Maninkakan Lexicon is distributed via web
download. 2013 Subscription Members will automatically
receive two copies of this data on disc. 2013 Standard Members may
request a copy as part of their 16 free membership corpora. Non-members may license this data for a fee.
*
The ARRAU
(Anaphora Resolution and Underspecification) Corpus of Anaphoric
Information was developed by the University of Essex and
the University of Trento. It
contains annotations of multi-genre English texts for anaphoric
relations with information about agreement and explicit
representation of multiple antecedents for ambiguous anaphoric
expressions and discourse antecedents for expressions which refer
to abstract entities such as events, actions and plans.

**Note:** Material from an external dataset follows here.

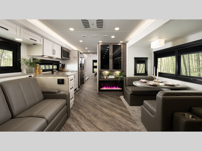 Sleeps 6 Slides 3 Length 39 ft 4 in Ext Width 8 ft 5 in Ext Height 13 ft 4 in Int Height 7 ft Interior Color Brookside, Modern Farmhouse Exterior Color Full-Body Paint; Ashland, Carthage, Clarington, Perry, Midnight Hitch Weight 12000 lbs GVWR 31000 lbs Fresh Water Capacity 72 gals Grey Water Capacity 50 gals Black Water Capacity 50 gals Tire Size 275/80R 22.5 Furnace BTU 30000 btu Generator Onan 8,000 Watt Quiet Diesel Fuel Type Diesel Engine Cummins ISB 6.7L Chassis Freightliner S2RV Plus Horsepower 360 hp Fuel Capacity 100 gals Wheelbase 279 in Number Of Bunks 1 Available Beds King Torque 800 ft-lb Refrigerator Type Residential Convection Cooking Yes Cooktop Burners 3 Shower Size 30" x 36" Number of Awnings 1 LP Tank Capacity 83 lbs Water Heater Type Tankless AC BTU 30000 btu Basement Storage 157 cu. ft. TV Info LR 50" LED TV, BR LED HD Smart TV, Ext. LED TV Awning Info 23' Electric with LED Lights Washer/Dryer Available Yes Gross Combined Weight 43000 lbs Shower Type Standard Electrical Service 50 amp Solar Wattage 200 watts Similar Floorplans

The source texts in this release include
task-oriented dialogues from the TRAINS-91
and TRAINS-93
corpora (the latter released through LDC, TRAINS Spoken Dialog
Corpus LDC95S25), narratives from the English Pear Stories,
articles from the Wall Street Journal portions of the Penn Treebank (Treebank-2
LDC95T7) and the RST Discourse Treebank LDC2002T07, and the
Vieira/Poesio Corpus which consists of training and test files
from Treebank-2 and RST Discourse Treebank.
The texts were annotated using the ARRAU
guidelines which treat all noun phrases (NPs) as markables.
Different semantic roles are recognized by distinguishing between
referring expressions (that update or refer to a discourse model),
and non-referring ones (including expletives, predicative
expressions, quantifiers, and coordination). A variety of
linguistic features were also annotated, including morphosyntactic
agreement, grammatical function, semantic type (person, animate,
concrete, action, time, other abstract) and genericity. The
annotation was carried out using the MMAX2 annotation tool
which allows text units to be marked at different levels.
The files in MMAX format have been organized so
that they can be visualized using the MMAX2 tool or directly used
as input/output for the BART
toolkit which performs automatic coreference resolution
including all necessary preprocessing steps.
The ARRAU Corpus of Anaphoric Information is
distributed via web download.
2013 Subscription Members will automatically
receive two copies of this data on disc. 2013 Standard Members may
request a copy as part of their 16 free membership corpora.
Non-members may license this data for a fee.